Description
This Creamy Cajun Chicken and Sausage Jambalaya is a flavorful one-pot dish featuring tender chicken breast, smoky Andouille sausage, and aromatic vegetables simmered with Cajun spices, crushed tomatoes, and rice. Perfectly seasoned and easy to prepare in just 40 minutes, this hearty meal delivers a delicious taste of classic Southern cuisine.
Ingredients
Scale
Meats
- 1½ pounds boneless skinless chicken breast, cut into bite-size pieces
- 1 pound Andouille sausage, sliced into rounds
Vegetables & Aromatics
- ½ onion, diced
- 2 ribs celery, diced
- 2 bell peppers (any color), diced
- 2 cloves garlic, minced
Pantry Items
- 2 tablespoons Cajun seasoning (divided)

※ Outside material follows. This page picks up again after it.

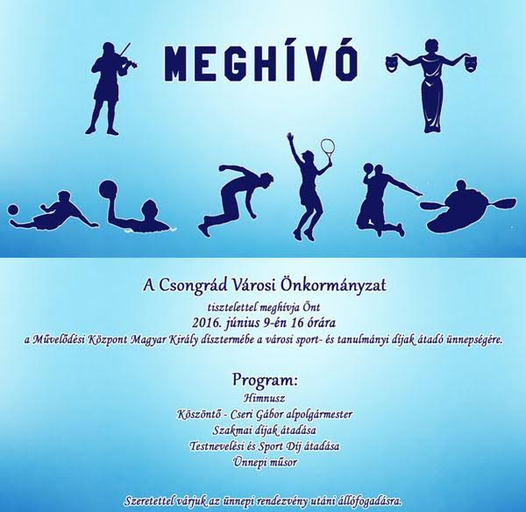 Nagyon Sok Szeretettel szeretnék mindenkit meghívni június 9-én 16 órára Csongrádra a Városi Sport és Pedagógiai díjak átadására.

- 3 tablespoons olive oil (divided)
- 14.5 ounces crushed tomatoes (1 can)
- 1 teaspoon dried oregano
- 2 cups chicken broth
- 1 cup white rice
Instructions
- Season Chicken: Season the bite-sized chicken pieces with 1 tablespoon of Cajun seasoning to coat them evenly and infuse a spicy and flavorful base.
- Brown Chicken: Heat 2 tablespoons of olive oil in a heavy pot over medium-high heat. Add the seasoned chicken pieces and brown them until cooked on the outside, about 5-7 minutes. Remove the chicken from the pot and set aside.
- Cook Sausage: In the same pot, add the sliced Andouille sausage and cook until lightly crisped, which helps develop a smoky, rich flavor, approximately 4-5 minutes. Remove and set aside with the chicken if needed.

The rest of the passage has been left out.